**WHAT IS REQUIRED:** A verbatim transcript of the data below is required, images omitted.

**GIVEN DATA:**
—————

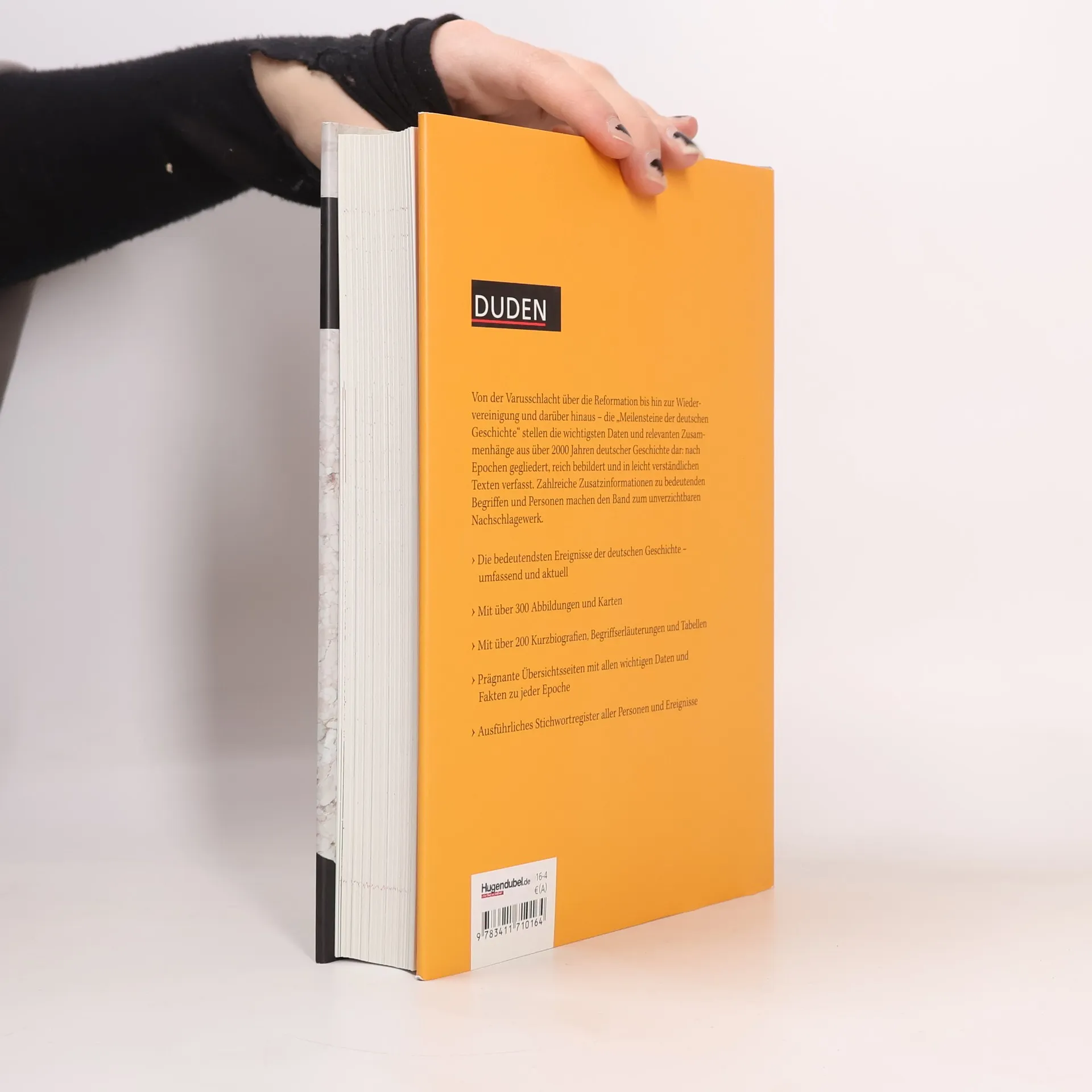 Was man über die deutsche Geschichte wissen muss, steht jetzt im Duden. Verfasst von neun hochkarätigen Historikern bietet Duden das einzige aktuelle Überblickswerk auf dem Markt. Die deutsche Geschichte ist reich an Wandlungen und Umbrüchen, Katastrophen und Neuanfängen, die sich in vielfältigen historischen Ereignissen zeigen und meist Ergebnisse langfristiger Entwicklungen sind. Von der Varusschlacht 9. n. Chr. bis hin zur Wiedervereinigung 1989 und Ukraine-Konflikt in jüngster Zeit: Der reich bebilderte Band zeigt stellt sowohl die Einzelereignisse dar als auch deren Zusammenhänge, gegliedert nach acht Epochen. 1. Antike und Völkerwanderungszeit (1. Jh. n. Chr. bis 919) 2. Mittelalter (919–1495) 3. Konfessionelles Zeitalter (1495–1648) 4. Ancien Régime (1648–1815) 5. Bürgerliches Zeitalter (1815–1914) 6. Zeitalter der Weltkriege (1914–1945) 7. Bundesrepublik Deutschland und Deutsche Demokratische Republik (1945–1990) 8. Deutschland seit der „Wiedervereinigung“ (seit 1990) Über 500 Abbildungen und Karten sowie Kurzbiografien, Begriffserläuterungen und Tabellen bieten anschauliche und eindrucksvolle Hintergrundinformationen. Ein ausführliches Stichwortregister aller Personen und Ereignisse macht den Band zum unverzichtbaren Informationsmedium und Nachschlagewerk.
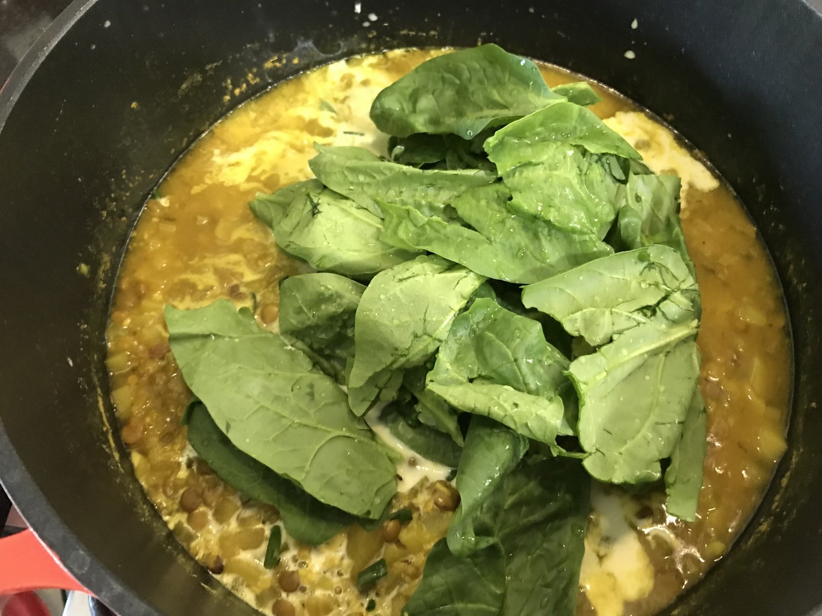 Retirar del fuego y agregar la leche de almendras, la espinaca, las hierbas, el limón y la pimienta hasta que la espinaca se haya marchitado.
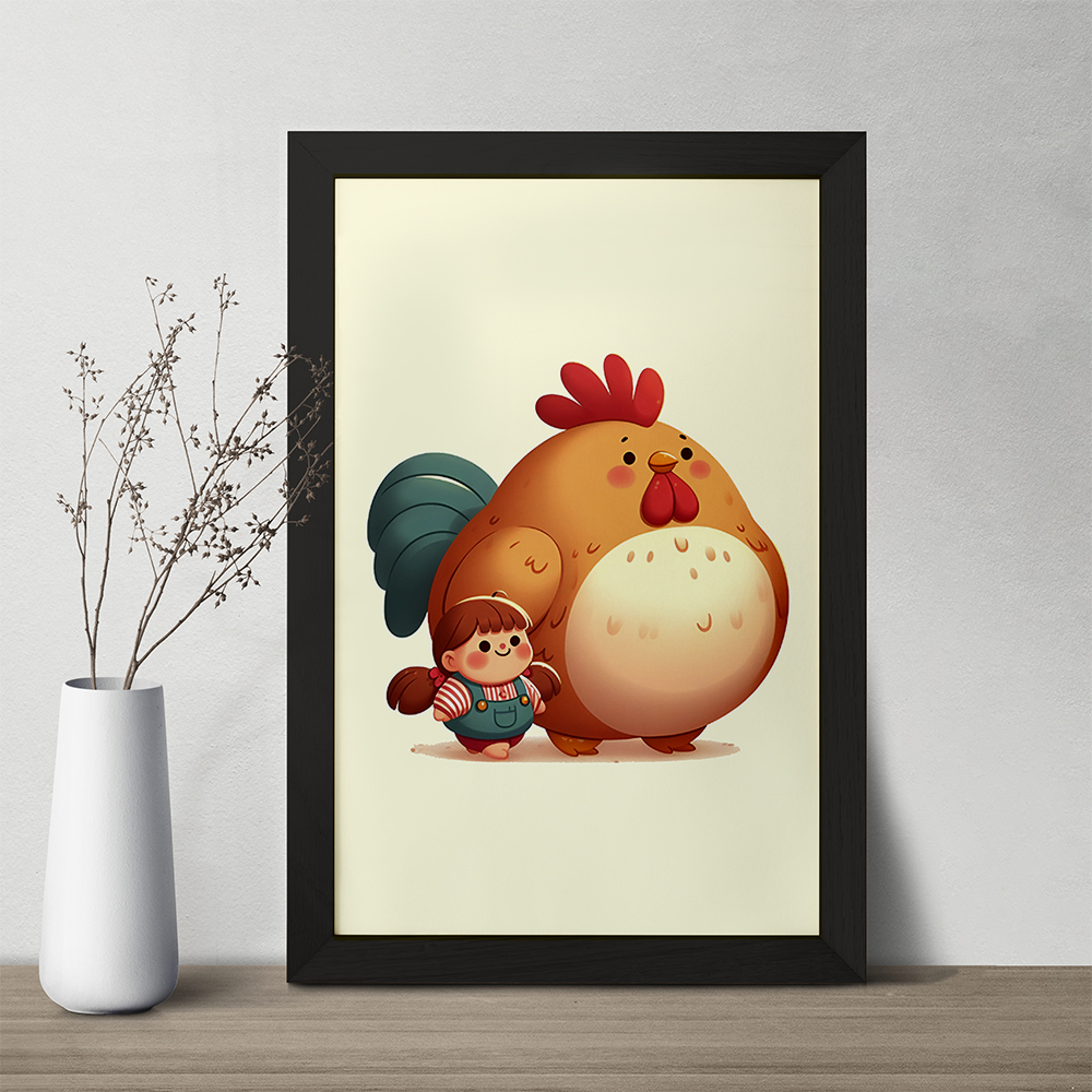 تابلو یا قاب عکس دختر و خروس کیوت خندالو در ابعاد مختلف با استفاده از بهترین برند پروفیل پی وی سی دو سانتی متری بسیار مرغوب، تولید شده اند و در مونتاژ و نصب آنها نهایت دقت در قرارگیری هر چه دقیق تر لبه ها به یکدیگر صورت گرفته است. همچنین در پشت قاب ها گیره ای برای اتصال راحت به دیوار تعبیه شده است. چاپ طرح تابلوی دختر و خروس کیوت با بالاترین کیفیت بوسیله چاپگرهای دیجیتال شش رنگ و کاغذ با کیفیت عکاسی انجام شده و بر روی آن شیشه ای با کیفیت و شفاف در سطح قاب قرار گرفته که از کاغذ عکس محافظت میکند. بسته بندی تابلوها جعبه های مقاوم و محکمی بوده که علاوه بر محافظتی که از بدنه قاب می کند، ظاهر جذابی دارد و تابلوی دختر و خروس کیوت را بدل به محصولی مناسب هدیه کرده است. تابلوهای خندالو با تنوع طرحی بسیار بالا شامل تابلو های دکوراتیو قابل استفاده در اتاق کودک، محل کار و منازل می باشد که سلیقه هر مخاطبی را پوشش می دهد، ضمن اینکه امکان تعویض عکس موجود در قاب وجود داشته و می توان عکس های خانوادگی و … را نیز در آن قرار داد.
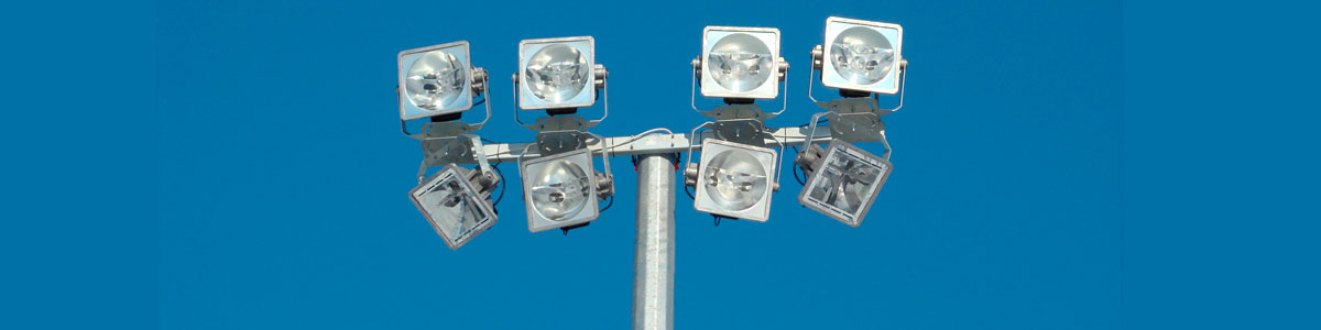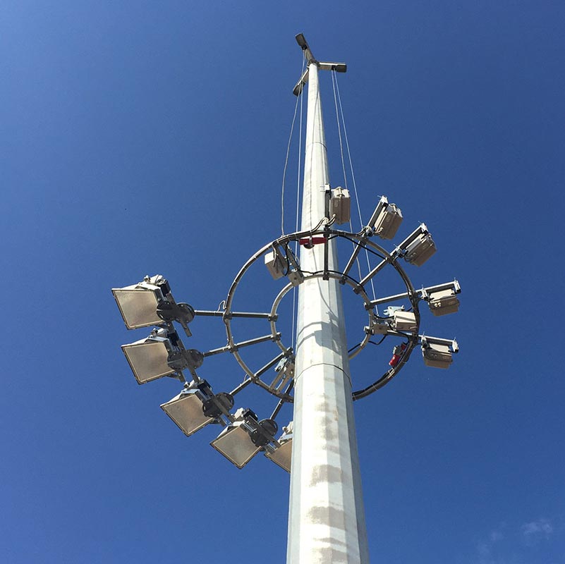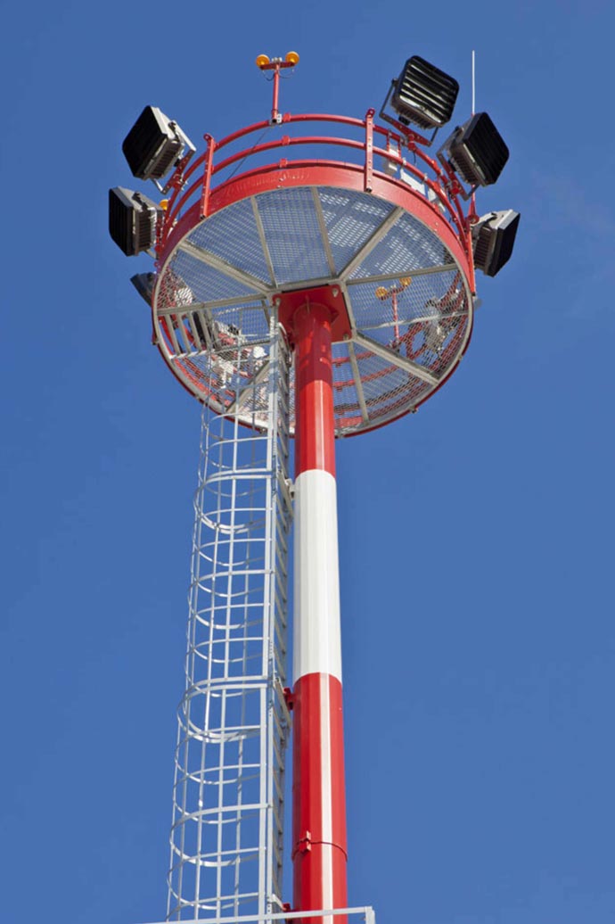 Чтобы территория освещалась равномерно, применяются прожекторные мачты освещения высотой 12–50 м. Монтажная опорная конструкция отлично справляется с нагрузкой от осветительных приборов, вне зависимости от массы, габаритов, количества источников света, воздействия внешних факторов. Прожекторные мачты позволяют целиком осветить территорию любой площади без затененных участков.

—————

**PROBLEM SOLUTION:**
 Was man über die deutsche Geschichte wissen muss, steht jetzt im Duden. Verfasst von neun hochkarätigen Historikern bietet Duden das einzige aktuelle Überblickswerk auf dem Markt. Die deutsche Geschichte ist reich an Wandlungen und Umbrüchen, Katastrophen und Neuanfängen, die sich in vielfältigen historischen Ereignissen zeigen und meist Ergebnisse langfristiger Entwicklungen sind. Von der Varusschlacht 9. n. Chr. bis hin zur Wiedervereinigung 1989 und Ukraine-Konflikt in jüngster Zeit: Der reich bebilderte Band zeigt stellt sowohl die Einzelereignisse dar als auch deren Zusammenhänge, gegliedert nach acht Epochen. 1. Antike und Völkerwanderungszeit (1. Jh. n. Chr. bis 919) 2. Mittelalter (919–1495) 3. Konfessionelles Zeitalter (1495–1648) 4. Ancien Régime (1648–1815) 5. Bürgerliches Zeitalter (1815–1914) 6. Zeitalter der Weltkriege (1914–1945) 7. Bundesrepublik Deutschland und Deutsche Demokratische Republik (1945–1990) 8. Deutschland seit der „Wiedervereinigung“ (seit 1990) Über 500 Abbildungen und Karten sowie Kurzbiografien, Begriffserläuterungen und Tabellen bieten anschauliche und eindrucksvolle Hintergrundinformationen. Ein ausführliches Stichwortregister aller Personen und Ereignisse macht den Band zum unverzichtbaren Informationsmedium und Nachschlagewerk.
 Retirar del fuego y agregar la leche de almendras, la espinaca, las hierbas, el limón y la pimienta hasta que la espinaca se haya marchitado.
 تابلو یا قاب عکس دختر و خروس کیوت خندالو در ابعاد مختلف با استفاده از بهترین برند پروفیل پی وی سی دو سانتی متری بسیار مرغوب، تولید شده اند و در مونتاژ و نصب آنها نهایت دقت در قرارگیری هر چه دقیق تر لبه ها به یکدیگر صورت گرفته است. همچنین در پشت قاب ها گیره ای برای اتصال راحت به دیوار تعبیه شده است. چاپ طرح تابلوی دختر و خروس کیوت با بالاترین کیفیت بوسیله چاپگرهای دیجیتال شش رنگ و کاغذ با کیفیت عکاسی انجام شده و بر روی آن شیشه ای با کیفیت و شفاف در سطح قاب قرار گرفته که از کاغذ عکس محافظت میکند. بسته بندی تابلوها جعبه های مقاوم و محکمی بوده که علاوه بر محافظتی که از بدنه قاب می کند، ظاهر جذابی دارد و تابلوی دختر و خروس کیوت را بدل به محصولی مناسب هدیه کرده است. تابلوهای خندالو با تنوع طرحی بسیار بالا شامل تابلو های دکوراتیو قابل استفاده در اتاق کودک، محل کار و منازل می باشد که سلیقه هر مخاطبی را پوشش می دهد، ضمن اینکه امکان تعویض عکس موجود در قاب وجود داشته و می توان عکس های خانوادگی و … را نیز در آن قرار داد.
 Чтобы территория освещалась равномерно, применяются прожекторные мачты освещения высотой 12–50 м. Монтажная опорная конструкция отлично справляется с нагрузкой от осветительных приборов, вне зависимости от массы, габаритов, количества источников света, воздействия внешних факторов. Прожекторные мачты позволяют целиком осветить территорию любой площади без затененных участков.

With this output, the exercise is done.